The conversation was interrupted by the arrival of Mrs Lansdown, who had come from her daughter. Sybil's mother looked worn, but there was happiness in the tired eyes, which told of the relief she had experienced after the most terrible night of strain and anxiety.

"I don't understand what it is all about," she said, "but thank God my little girl is safe. Have you found the chauffeur?"

"Cawler? No, he has not been seen since Sybil left him."

"You don't think anything has happened?" she asked nervously.

"I don't know. I shouldn't think so," replied Dick with a reassuring smile. "Cawler is quite able to look after himself, and I don't doubt that if there was a fight he came off best."

Later in the afternoon there arrived further news of Stalletti. He had been seen by a village constable soon after he had aroused his hired man. Apparently Stalletti had a small car which he was in the habit of driving about the neighbourhood, and the cycling constable had seen him speeding in the direction of London.

'Speeding' is hardly the term that could be properly applied, for the machine did thirty miles an hour with difficulty and had the habit of going dead for no ascertainable cause. Stalletti was looking wild and agitated and was talking to himself; he was cranking the car when the constable came up with him, and the policeman thought he had been drinking, for he seemed to be abnormally excited and scarcely noticed the advent of the cyclist.

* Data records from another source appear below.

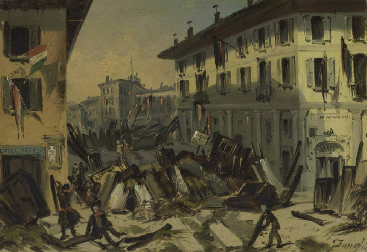 - NOTIZIE STORICO CRITICHE La tavoletta raffigura la presa di corso Vercellina da parte dei milanesi durante le Cinque giornate di Milano.
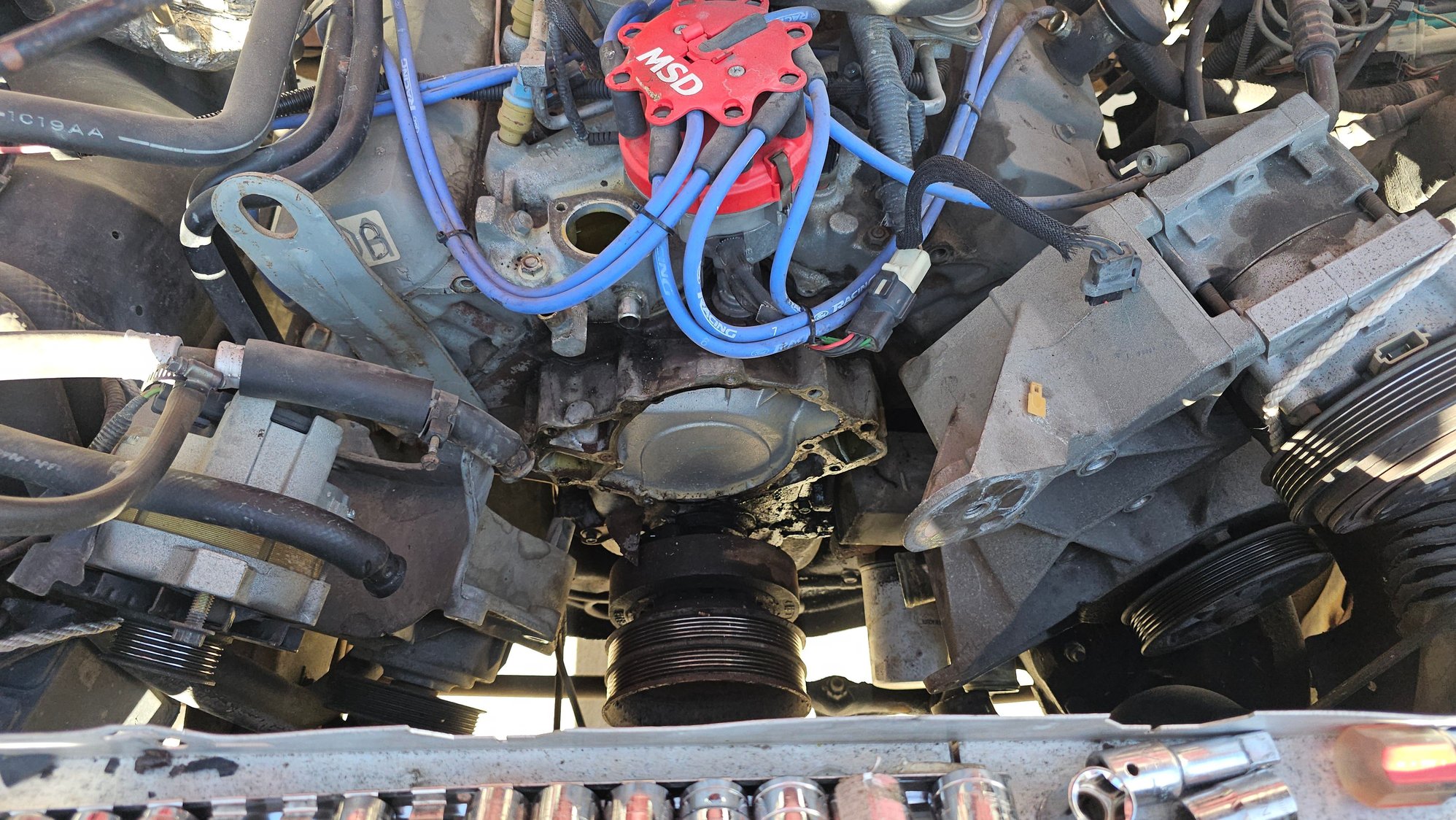 I'm thinking my oil leak was just oil slinging up from the harmonic balancer.. hopefully my new front seal will stop that.
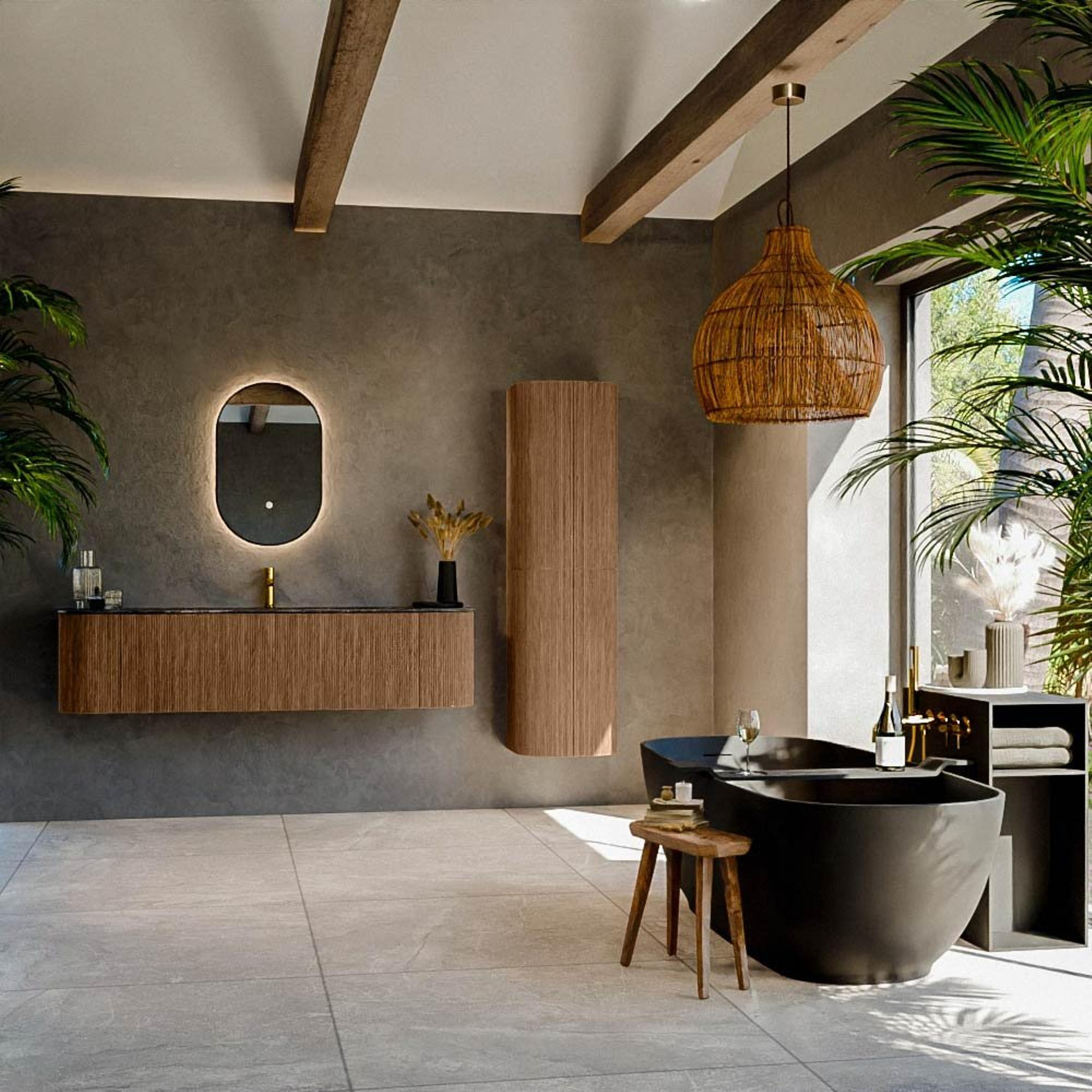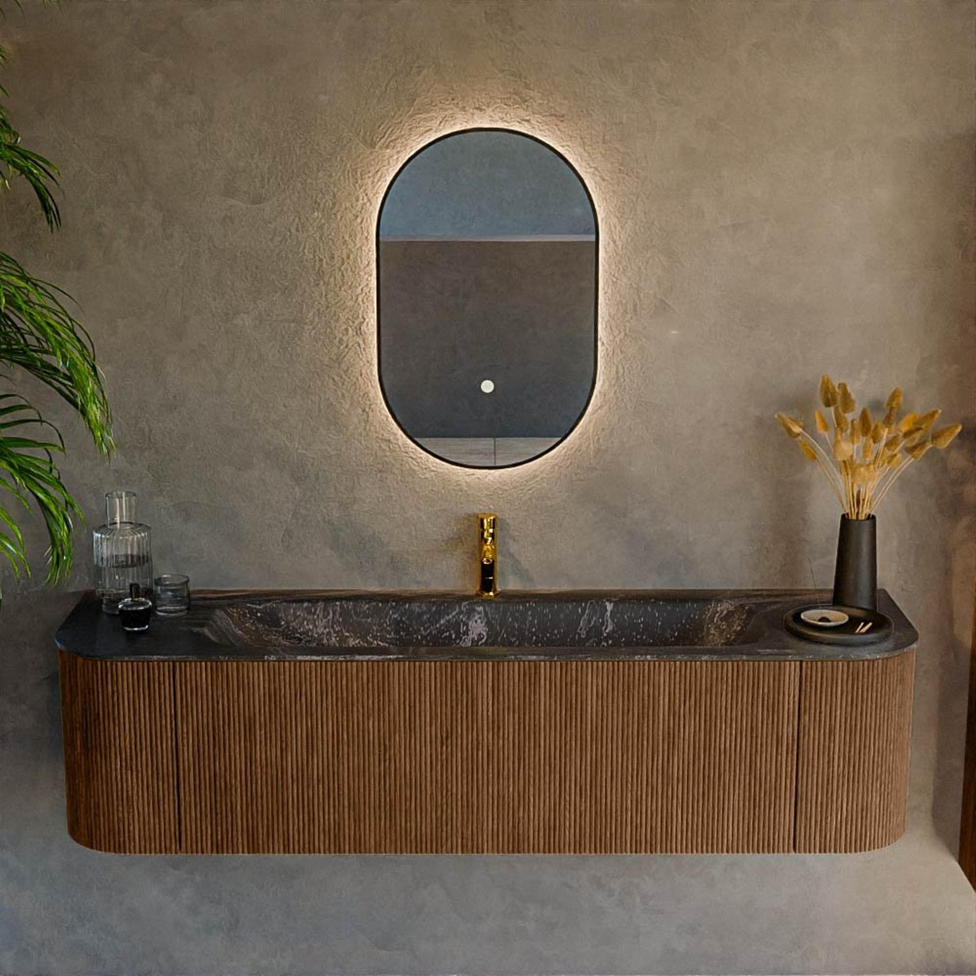 Het ultieme badmeubel dat je badkamer transformeert tot een oase van verfijning. Met zijn halfronde, verticale stroken van massief eiken, verkrijgbaar in de kleuren Oak en Walnut, straalt KURVE vakmanschap uit in elk detail. De zachte rondingen en slim ontworpen deurtjes, elk 40cm hoog, nodigen uit tot gebruik, terwijl de ruimte binnenin optimaal benut wordt dankzij de royale lade van dezelfde hoogte.
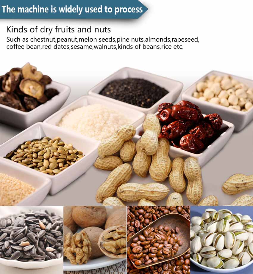 7.The machine is suitable to process kinds of dry fruits and nuts,such as chestnut,peanut,melon seeds,pine nuts,hazelnut,almonds,rapeseed,coffee bean,red dates,sesame,walnuts,kinds of beans,wheat,rice etc.The machine is also used to process in certain site and go business in the places of shopping malls,supermarket,professional sale shops of foodstuff,chain shops,street delicacy etc,and it is a good assistant of wealth in business.
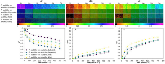 Different energy pathways as a function of PAR among the tepary bean genetic resource. (a) Photochemical quenching (qP), (b) non-photochemical quenching (NPQ), (c) coefficient of non-photochemical dissipation (qN). In the upper panel, gradient in color change from violet to red means higher to lower value for each variable. Means and error bars correspond to 20 AOI (area of interest) from four leaves of each accession, i.e., 5 AOI were tested on each leaf.
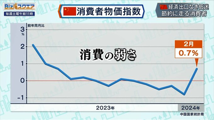 中国の消費者物価指数は春節効果があった直近の2月を除き、2023年10月から4か月連続のマイナス圏で消費の弱さが顕著になっている。
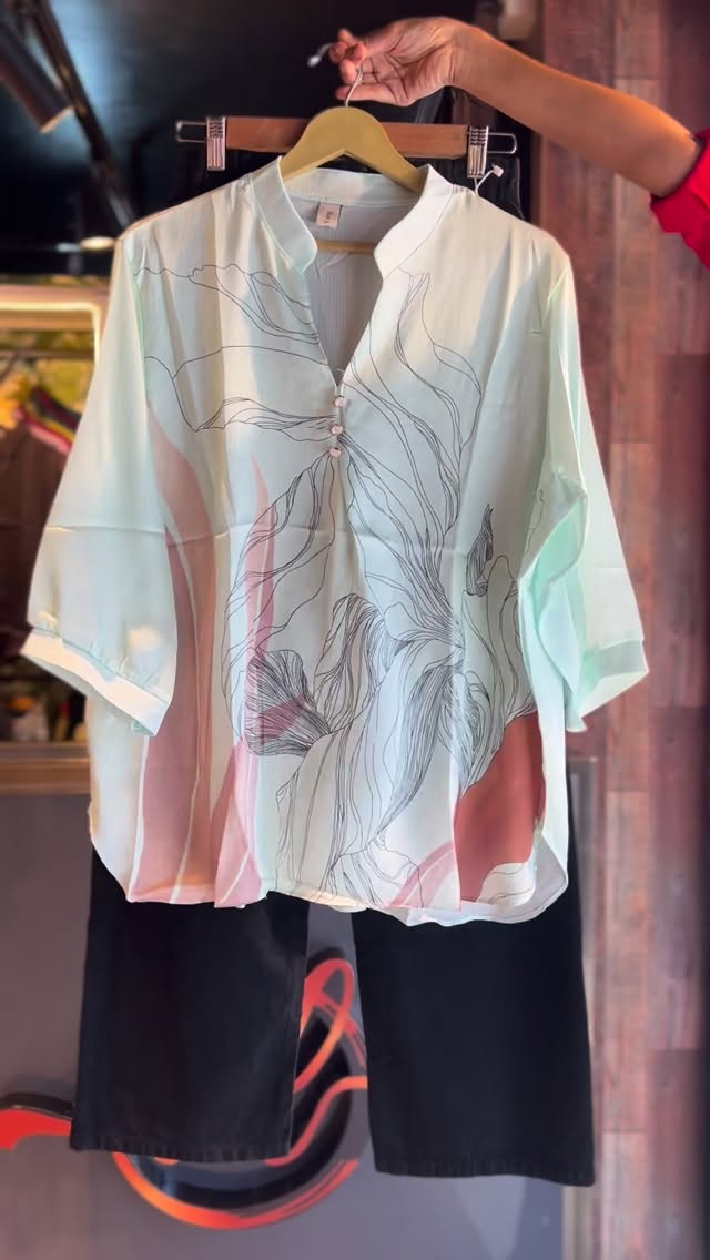 Make a chic statement with this pastel mint tunic featuring abstract floral line art print in subtle hues of peach and grey. The V-neckline with buttoned detailing adds a modern touch, while the relaxed fit ensures all-day comfort. Paired with solid black wide-leg pants, this co-ord set offers a perfect blend of elegance and casual style. Ideal for office wear, travel, or casual outings, it’s a must-have for effortless dressing.

"That bears out to a large extent my theory," said Dick. "Stalletti is a devil, but a shrewd devil. He knows that the sands are running out, and with him, as with Cody, it is a case of sauve qui peut."

He managed to get a few hours' sleep, and in the evening he made a careful survey of the house, particularly of the sleeping quarters which had been assigned to the party. The upper floor was reached by a broad carved staircase, Elizabethan in design and execution, which terminated at a broad oblong landing, from which ran the two corridors into which the bedrooms opened. There were eight massive doors, four on each side. The corridor was lighted by long windows which looked down into a courtyard, formed by two wings of the building. In one of these was a self - contained suite, which had been the late Lord Selford's private apartments, and in which, in point of fact, he had died. The other wing had been converted into servants' quarters. There were no apartments above, the bedrooms being extremely lofty and running up to within a few feet of the roof. Facing the stairs was the 'State Apartment', as it was called, which had once been the principal bedroom of the house, and this had been assigned to Sybil and her mother.